En el último capítulo, el 8, Maria Dolors Bernabeu, de la Escola d’Infermeria Vall d’Hebron de Barcelona, describe los cambios de plan de estudio introducidos en los últimos años para aplicar el ABP en todo el currículo. Trabajando a partir de «escenarios» basados en situaciones reales, la implementación de los cambios curriculares comenzó en 2001 con la decisión de innovar el proyecto de formación de las enfermeras. El capítulo responde a cuatro cuestiones centrales: 1) orígenes: ¿cómo comienza la innovación?; 2) naturaleza de los cambios: ¿cuáles son las características del proceso?; 3) niveles de transformaciones en la innovación: ¿qué representa cada uno?; 4) grados de las transformaciones estratégicas: ¿en qué fase del desarrollo estamos? De esta manera, la autora describe detalladamente los desafíos afrontados por la institución en la transición de un currículo tradicional a otro basado en el ABP. En este capítulo también se abordan las angustias docentes, las decisiones políticas y la creencia en el rumbo escogido.

En síntesis, El Aprendizaje Basado en Problemas: una nueva perspectiva de la enseñanza en la universidad ofrece una excelente base conceptual y práctica sobre esta perspectiva innovadora de la enseñanza superior en las últimas décadas. Todos los trabajos presentados son fruto de un movimiento internacional que empieza a consolidarse en las universidades de todo el mundo y seguramente los lectores y lectoras se podrán nutrir con este debate, como punto de partida para promover cambios en sus prácticas educativas y en las instituciones que intervienen —y participan— en este movimiento.

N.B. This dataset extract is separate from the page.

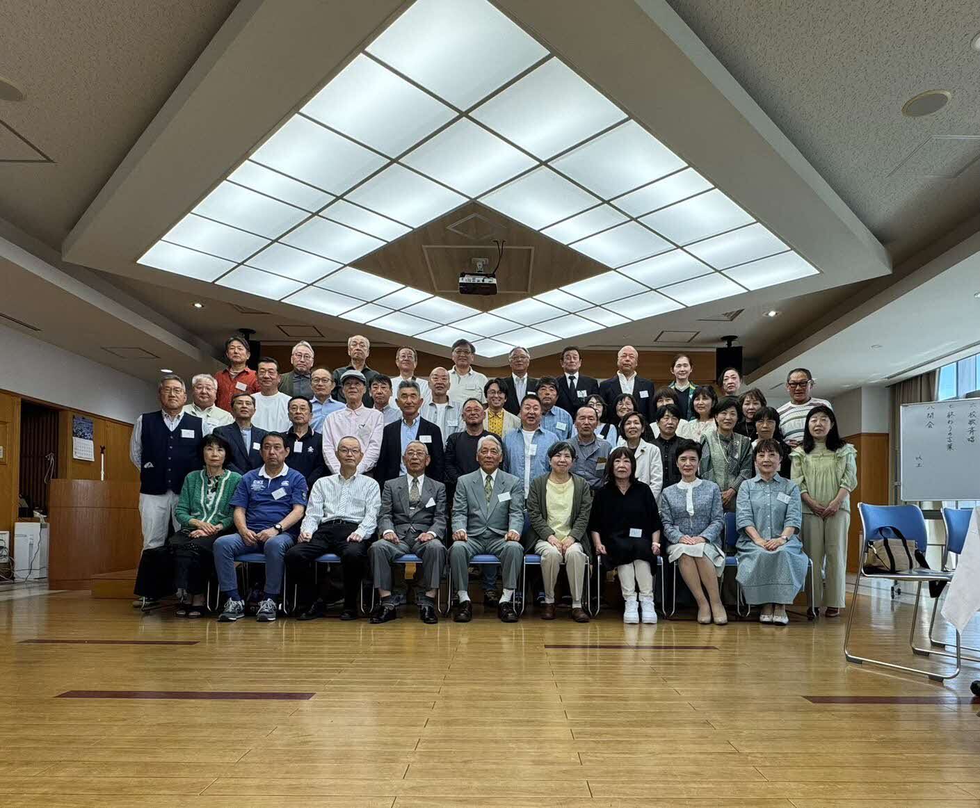 天満中学校昭和39年卒業の17回生46名がコミセンに集い同窓会を開催しました。多くの人が元気なお顔を見せてくださり、久しぶりに会う懐かしい面々が60年前の多感な少年少女に戻って楽しく歓談することができました。次回は80歳までに開催しようということで、みんな健康寿命を保ち再会を約して解散しました。

Invitamos a una lectura fructífera y a las reflexiones críticas que provoque el ABP en los procesos de enseñanza universitarios.

1. El Aprendizaje Basado en Problemas. El resplandor tan brillante de otros tiempos

Luis A. Branda

(McMaster University y Universitat Autònoma de Barcelona [Unitat de Innovació Docent en Educació Superior (IDES)])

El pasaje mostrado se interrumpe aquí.